The family of Aidan Brown have thanked a critical care paramedic for saving his life after he went into cardiac arrest - an event captured by a film crew shooting a new Channel 5 documentary.
On 16th January this year, John suffered a cardiac arrest while playing squash with his friend of 40 years, Clive Fletcher.
Fortunately, Clive new how to do CPR and immediately started helping his friend until the staff at the Bert Williams Leisure Centre in Bilston took over and used the defibrillator they have at the centre on John.
Two ambulance crews, a paramedic officer and Aidan on the Midlands Air Ambulance Critical Care Car were all sent to the scene. The incident was shown on Episode two of the programme which went out on Monday evening.
Off the back of the programme, John’s daughter Georgia posted a picture on her Instagram account of her and John along with his son Chris and wife Di, thanking everyone for saving her Dad’s life. She said:
“Thank God he was somewhere that had access to a defib otherwise it could’ve been a completely different story. We are so grateful that he is here to tell the tale.
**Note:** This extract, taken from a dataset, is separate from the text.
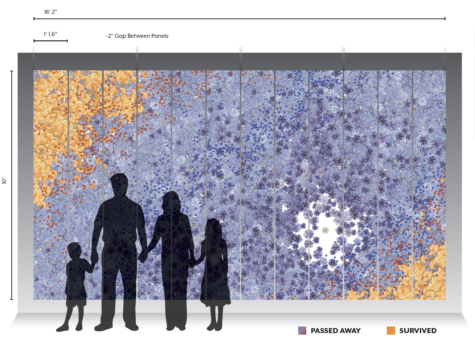 Twelve panels feature various hand-printed, cut flowers and leaves. Every flower or leaf symbolizes an individual who either passed away or survived pancreatic cancer in 2019. An estimated 56,770 adults in the US were diagnosed with pancreatic cancer in 2019, while only 11,020 were estimated to have survived beyond one year after diagnosis.

The chances of survival for an out of hospital cardiac arrest is less than 1 in 10 so he is so so lucky.
“A massive thank you to Clive, the leisure centre staff, the team from WMAS and Midlands Air Ambulance along with the staff at New Cross Hospital for looking after him through his surgery, where he had four stents fitted!
“When we watched the programme it was hard viewing but it was a lovely touch to see CCP Aidan thank the leisure centre staff as they took Dad to the ambulance. Really lovely.”
Assistant Chief Ambulance Officer, Nick Henry, added: “Aidan was absolutely right; the quick reaction of Clive and the leisure centre staff absolutely saved John’s life.
“For every minute after a cardiac arrest where no-one is doing CPR, the person’s chance of survival drops by 10%! It is therefore absolutely vital that someone starts CPR as soon as possible.
“Equally, having the defib close at hand will make a massive difference too. It’s one of the reasons we want to see numbers of publicly accessible defibs rise as much as possible.
“John is now getting to spend time with his family because some started CPR quickly and a defib was close at hand. Think how many more lives could be saved if everyone knew CPR and there were many more publicly accessible defibs around our villages, towns and cities.”